Блаженство мне мои страданья…

Федор Сологуб

В прижизненных критических обзорах и статьях о романе «Мелкий бес» весьма нередко приходится сталкиваться с уподоблением Сологуба его мрачному персонажу. Одним из первых о единосущности творца и творения написал А. Горнфельд: «Передонов — есть борьба с передоновщиной, и для тех, кто знаком с литературными признаниями автора, совершенно ясно, где Сологуб ощутил ее больше и всего страшнее: в себе самом. Передонов — это Федор Сологуб, с болезненной страстностью и силой изображенный обличителем того порочного и злого, что он чувствовал в себе. <…> Голгофа есть везде, где есть творчество; однако поистине кровью своего сердца пишет не тот, кто должен говорить дурное о других, но тот, кто самое злое и гнусное для изображения находит не вне, а в сокровенности своего существа»[883]; вслед за ним А. Блок: «Для меня ясно: Федор Сологуб — это осложненный мыслью и дарованием Передонов. Передонов — это Федор Сологуб, с болезненной страстностью и силой изображенный обличителем того порочного и злого, что он чувствовал в себе»[884], затем П. Пильский: «Сологуб ненавидит Передонова, ибо в Передонове много Сологуба. „Мелкий бес“ беспощадная и кровавая борьба Сологуба с сидящей в нем самом передоновщиной»[885]; Вл. Кранихфельд: «…поставить фигуру Передонова во всю ее натуральную величину, обрисовать ее во всех ее деталях мог только писатель, выносивший всю передоновщину в недрах собственного своего существа»[886] и др.

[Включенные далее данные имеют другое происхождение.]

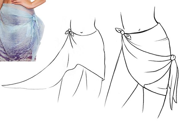 - Наилучший вариант завязывания для скрытия живота — по диагонали. Маленькую грудь визуально увеличивают с помощью плотных парео, завязанных в области груди.

О своем несогласии с критиками автор «Мелкого беса» заявил в предисловии ко второму изданию романа[887]; впоследствии он жаловался: «Это Горнфельд написал статью, что Сологуб — Передонов, а с его легкой руки все так и считают с тех пор»[888].

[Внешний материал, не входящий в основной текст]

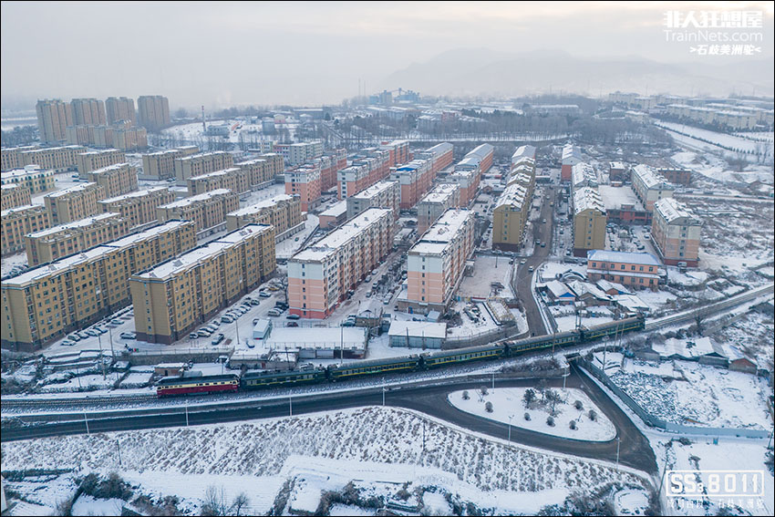 2025年1月10日,吉林通化,DF4D-0470牵引4347次列车(通化-集安)驶出通化站,列车穿越通化城市经梅集线向集安方向驶去。

Однако утвердившееся мнение все же оказалось долговечным. В некрологе Ю. Айхенвальд отмечал: «…зеркалом самого Сологуба, а не русской общественности был этот нашумевший роман. Правда, к нему отнеслись так гостеприимно именно потому, что хотели видеть в нем сатиру, какое-то продолжение „Человека в футляре“, насмешку над строем русской жизни — особенно школы. Но душевнобольной Передонов с его „недотыкомками“ во всяком случае не мог быть принят за тип, как не типична, а индивидуальна всякая болезнь вообще. Вот индивидуальность свою и показывал Федор Сологуб в своих произведениях — показывал искренно, полно, интимно. Он не каялся, но исповедовался»[889].

«Прочтите „Мелкого беса“ — это Сологуб, — писала Е. Данько, — прочтите стихи об Алетее — это тоже Сологуб. Будущий исследователь творчества Сологуба остановится в недоумении, затаив дыхание перед многообразием его творческого образа, перед колоссальной силой художника и перед непримиримыми противоречиями, — и он найдет примиряющее все звено. А мы перед человеком Сологубом стояли в таком же недоумении, — и то, что я смогла найти, — это „человек большого страдания“»[890].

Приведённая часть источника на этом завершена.